A reverse mortgage, also known as the home equity conversion mortgage (HECM) in the United States, is a financial product for homeowners 62 or older who have accumulated home equity and want to use this to supplement retirement income. Unlike a conventional forward mortgage, there are no monthly mortgage payments to make. Borrowers are still responsible for paying taxes and insurance on the property and must continue to use the property as a primary residence for the life of the loan.

These loan products can be a challenge to explain or understand, even for people who have plenty of financial experience. We’ve put together this introductory article in hopes of better explaining the basics. In general, it’s easiest to explain these loans by beginning with a comparison to a better known financial product, the home equity loan. At its core, the reverse mortgage is a home equity loan that’s designed to help seniors tap into the equity in their homes. This loan is only available to homeowners who are 62 or older and have built up substantial home equity.

The other unique features of a reverse mortgage are best explained by a comparison to traditional forward mortgages. In a forward mortgage, the borrower makes monthly payments to the lender, gradually reducing the loan balance and building equity. With a reverse mortgage, the borrower receives payments from the lender and does not need to make payments back to the lender so long as he or she lives in the home and continues to fulfill his or her basic responsibilities, such as payment of taxes and insurance. The loan balance grows over time as the borrower receives payments and interest accrues on the loan; home equity declines over time. Essentially, the mortgage works in the reverse direction of a forward mortgage, which is where the term “reverse” comes from.

All loans must eventually be repaid, and this one is no different. The loan is due once the borrower sells the home or passes away. Of course, the borrower may also choose to pay off the loan at any time. In most instances, a reverse mortgage is paid off when the mortgaged home is sold. It is important to note that reverse mortgages are designed so that the amount owed cannot exceed the value of the home. If, for example, a reverse mortgage balance is $150,000, and the house is sold for $125,000, the borrower does not owe the difference. If the house can be sold for more than the value of the reverse mortgage, that equity belongs to the borrower or the borrower’s estate.

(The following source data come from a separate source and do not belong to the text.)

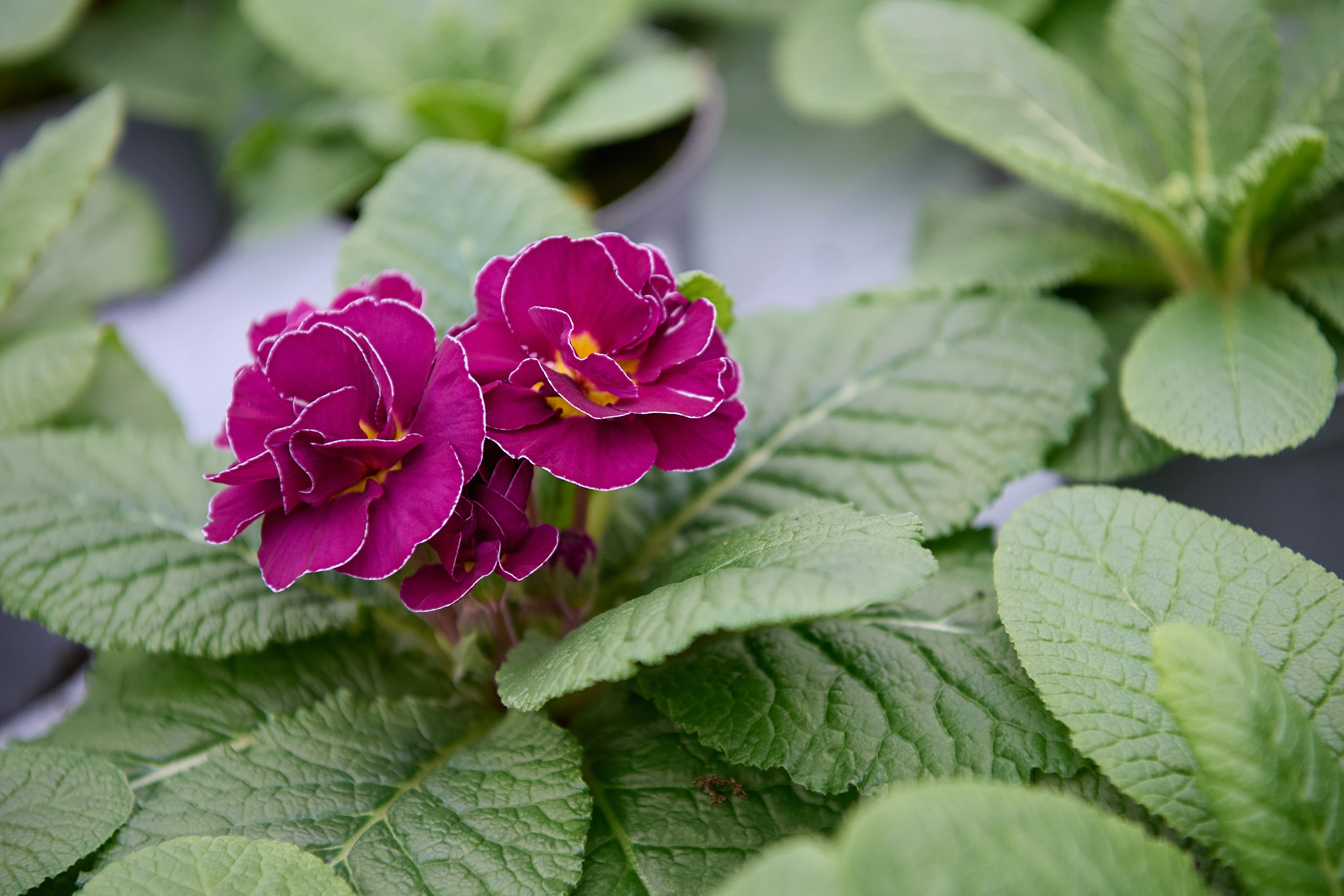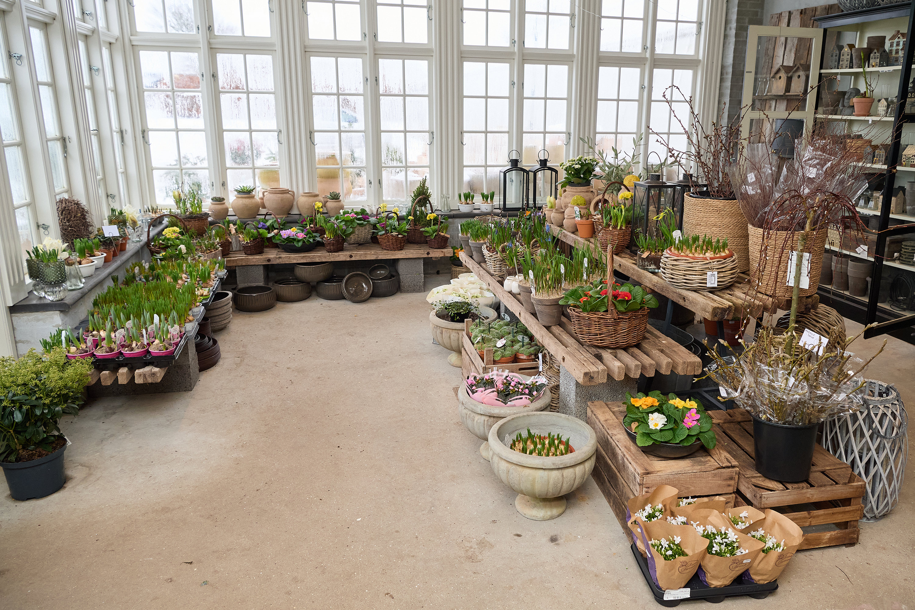 Netop nu bugner gartneriets drivhuse, og sæsonens planter står på spring i urtepotterne. Et væld af farver fra primulaer i mange lag fanger straks øjet.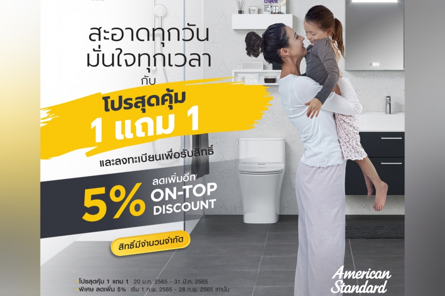 เตรียมตัวช้อป! อเมริกันสแตนดาร์ด จัดโปรสุดคุ้ม 1 แถม 1 จับคู่สุขภัณฑ์รุ่นยอดนิยมพร้อมรับฟรีอ่างล้างหน้าเข้าชุด มอบความสะอาดให้คุณทุกวัน มั่นใจได้ในทุกเวลา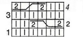 2-й ряд: * 1 лиц. п., ввести спицу на 1 ряд ниже и провязать 1 лиц. п., 1 лиц. п. *, повторять от * до *;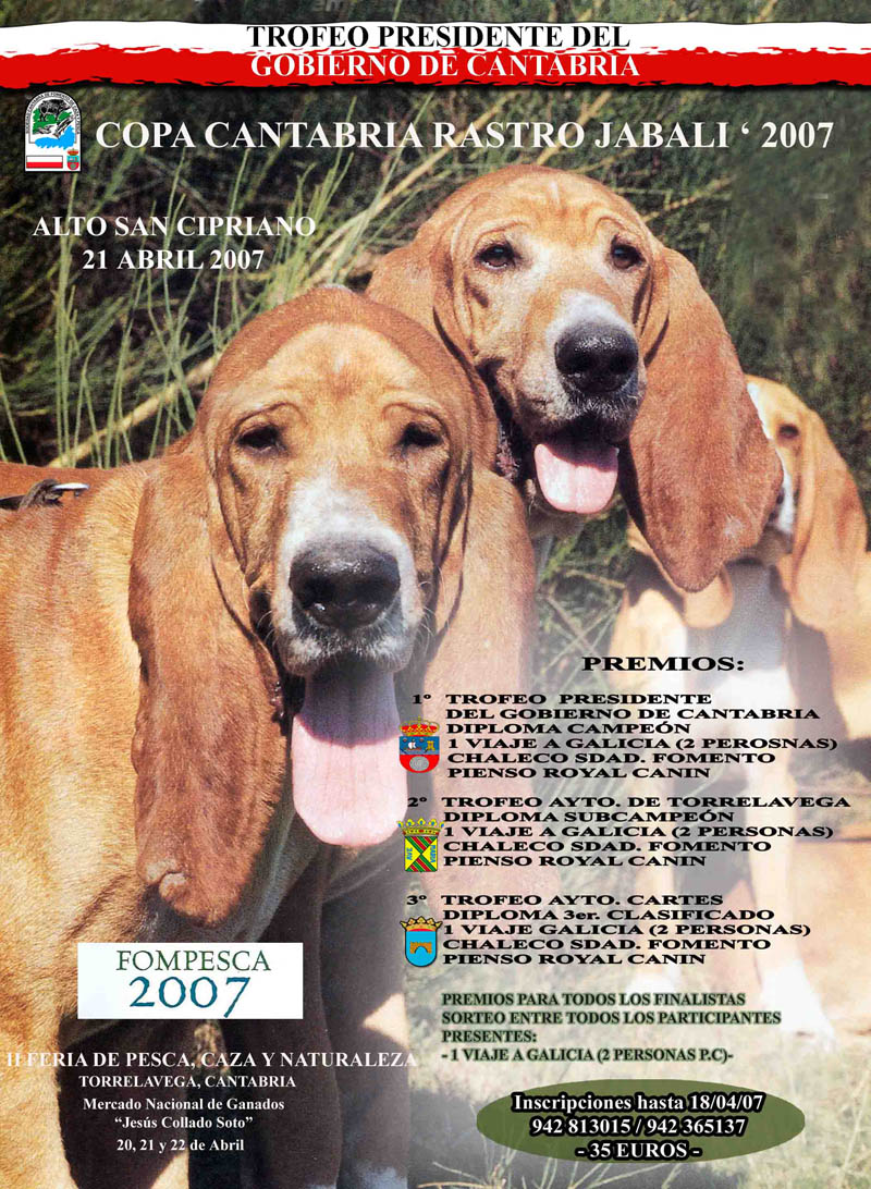 Debemos destacar la simpatía desatada ante el público por la montera Cristina Pérez, tanto por su juventud, por ser una chica y, sobre todo, por las muestras de saber lo que tenía entre manos y el dominio de la situación de la que dio muestras en todo momento.La comida de hermandad llevada a cabo en el restaurante del Mercado Nacional, a la que asistieron cerca de dos centenares de personas y en las que, como siempre, el tema cinegético en general y el de los perros en particular fue el imperante, daba paso a la entrega de trofeos, importantes en cuanto a sus donantes (Presidente de Cantabria, Ayto de Torrelavega y Ayto. de Cartes) así como los viajes, complementos, piensos, etc. que fueron entregados por la Directora de Montes, Concejala de Deportes del Excmo Ayto de Torrelavega y el Alcalde del Excmo. Ayuntamiento de Cartes entre otras autoridades, todo ello en el extraordinario marco de la feria Fompesca 2007.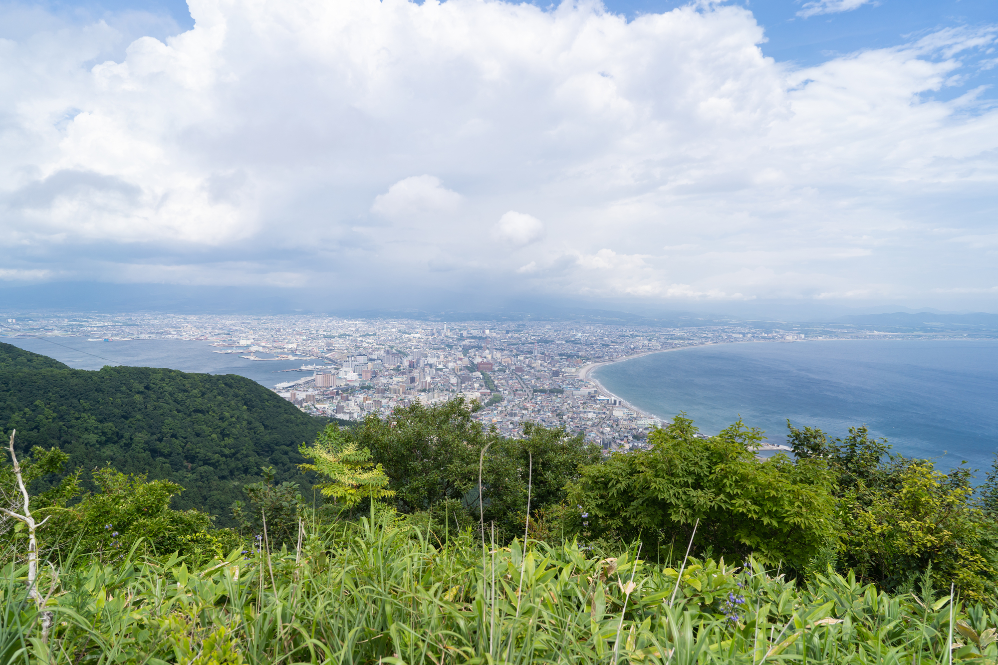 函館山千畳敷は、函館山の南側山頂部に広がる草原状のエリアで、静かに絶景を楽しめる展望スポットです。見晴所からは函館の街並みや函館湾、さらに遠くに駒ヶ岳や下北半島・津軽海峡まで一望でき、山頂展望台とは少し違った角度からの景色を楽しめます。
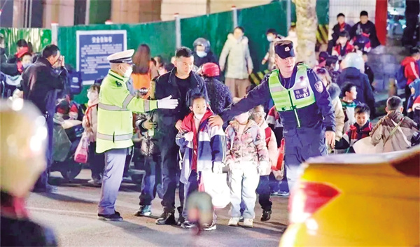 “護(hù)學(xué)崗”切實(shí)保障學(xué)生安全 (供圖:漢濱公安)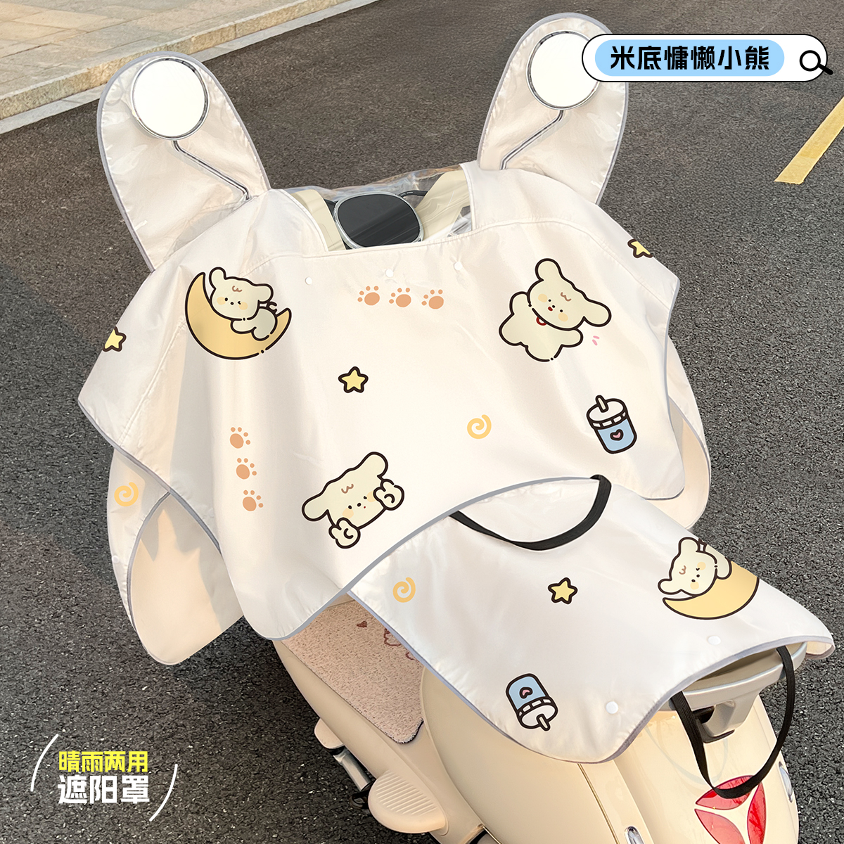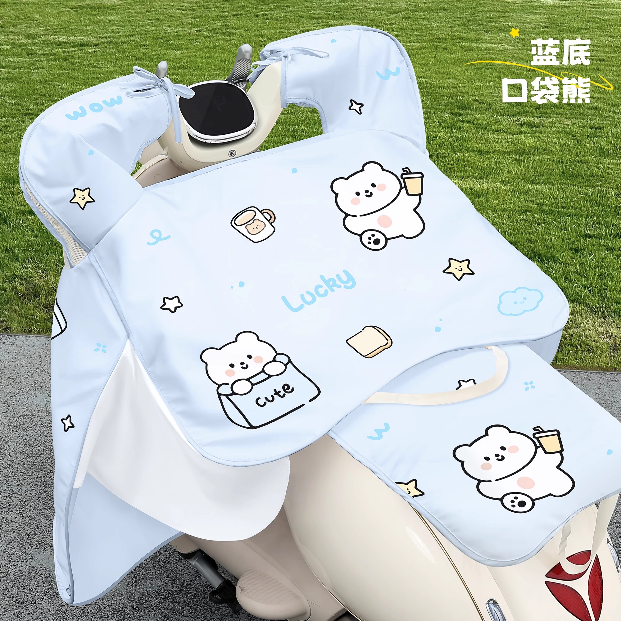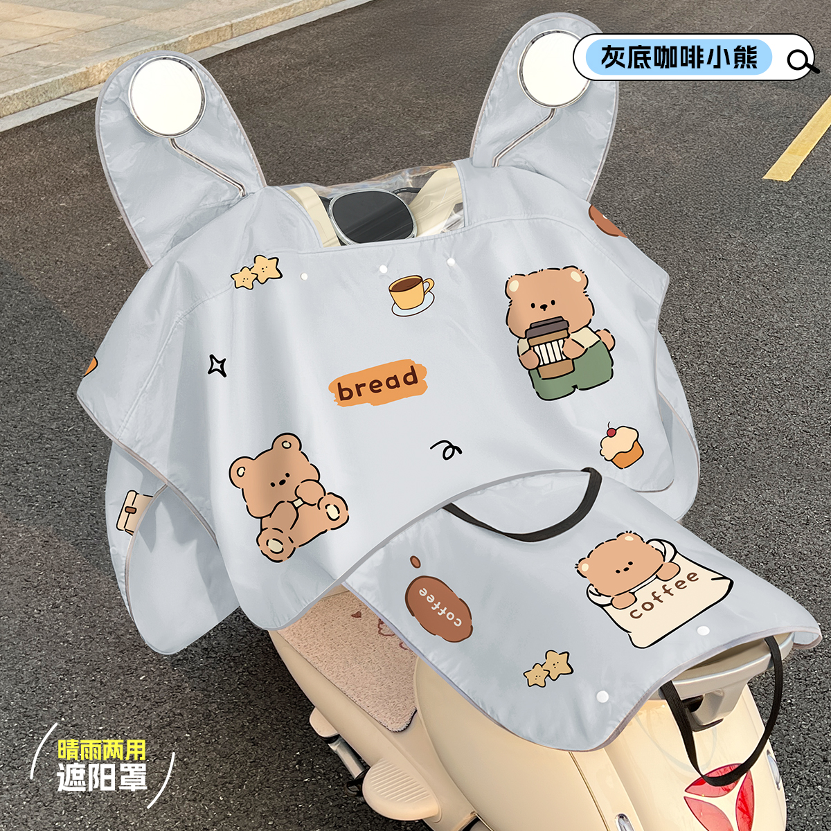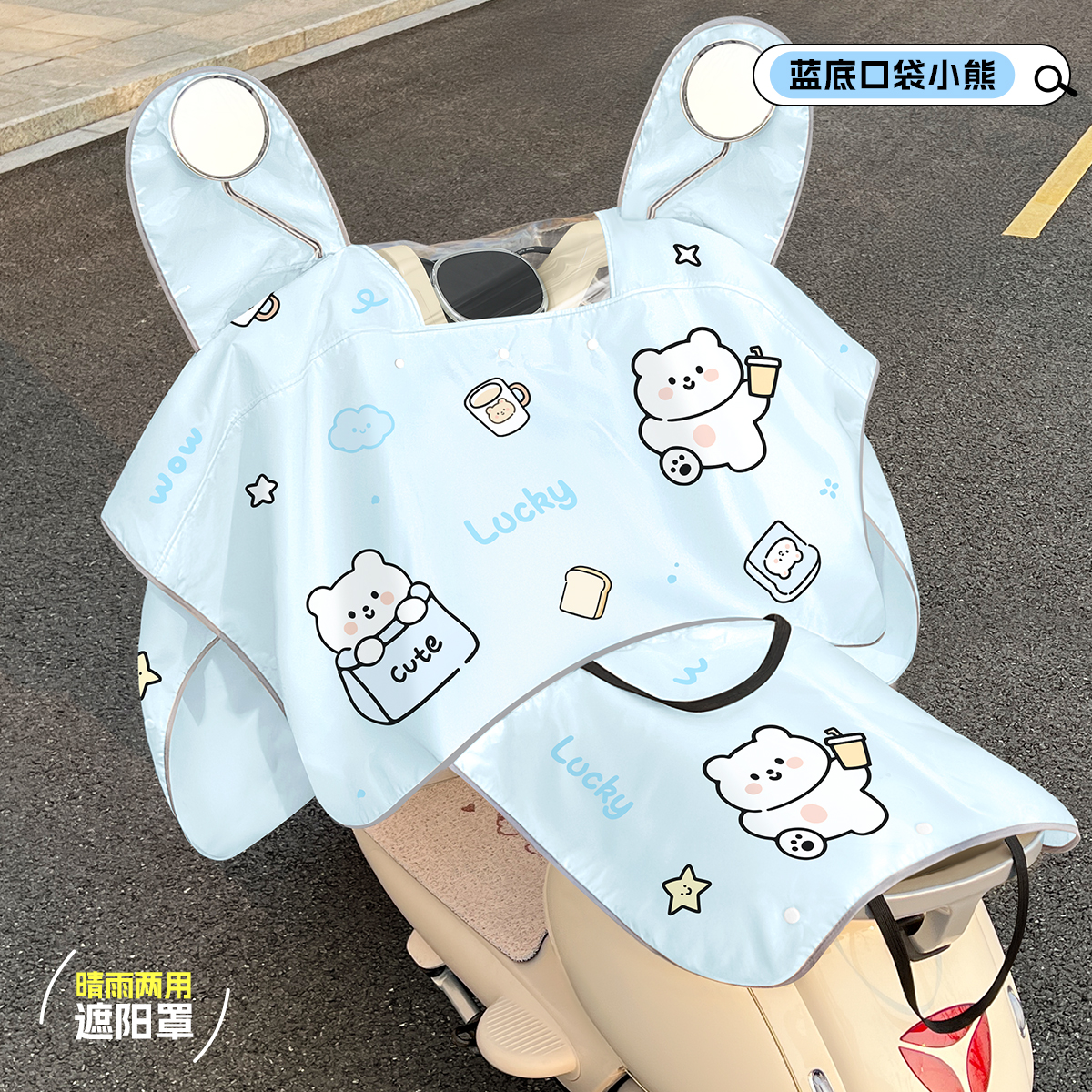 • [태양, 비 보호 2-in-1 + 거울 + 뒷좌석 커버] 파란색 배경 밀크티 베어
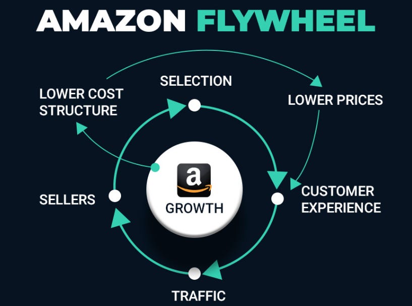 Một trong những khái niệm nổi tiếng nhất của Amazon là Flywheel, được Jeff Bezos và đội ngũ phát triển trong giai đoạn đầu những năm 2000.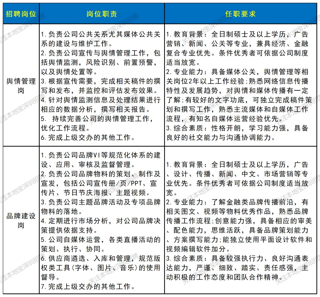 2、长城证券品牌与公共关系部:招聘舆情管理岗1人、品牌建设岗1人,具体要求如下图所示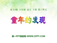 关键词:童年的发现教学课件,语文S版六年级下册语文课件,六年级语文幻灯片课件下载,童年的发现PPT课件下载,.ppt格式

Today, almost all reverse mortgages that are originated are Home Equity Conversion Mortgages (HECM). The HECM is a program of the Federal Housing Administration (FHA), and these loans are guaranteed by the federal government. This means that you do not need to worry about your reverse mortgage lender failing to make payments to you. We’ll cover what this really means later, but it’s important to note that the rest of the information here applies to HECM reverse mortgages unless explicitly noted.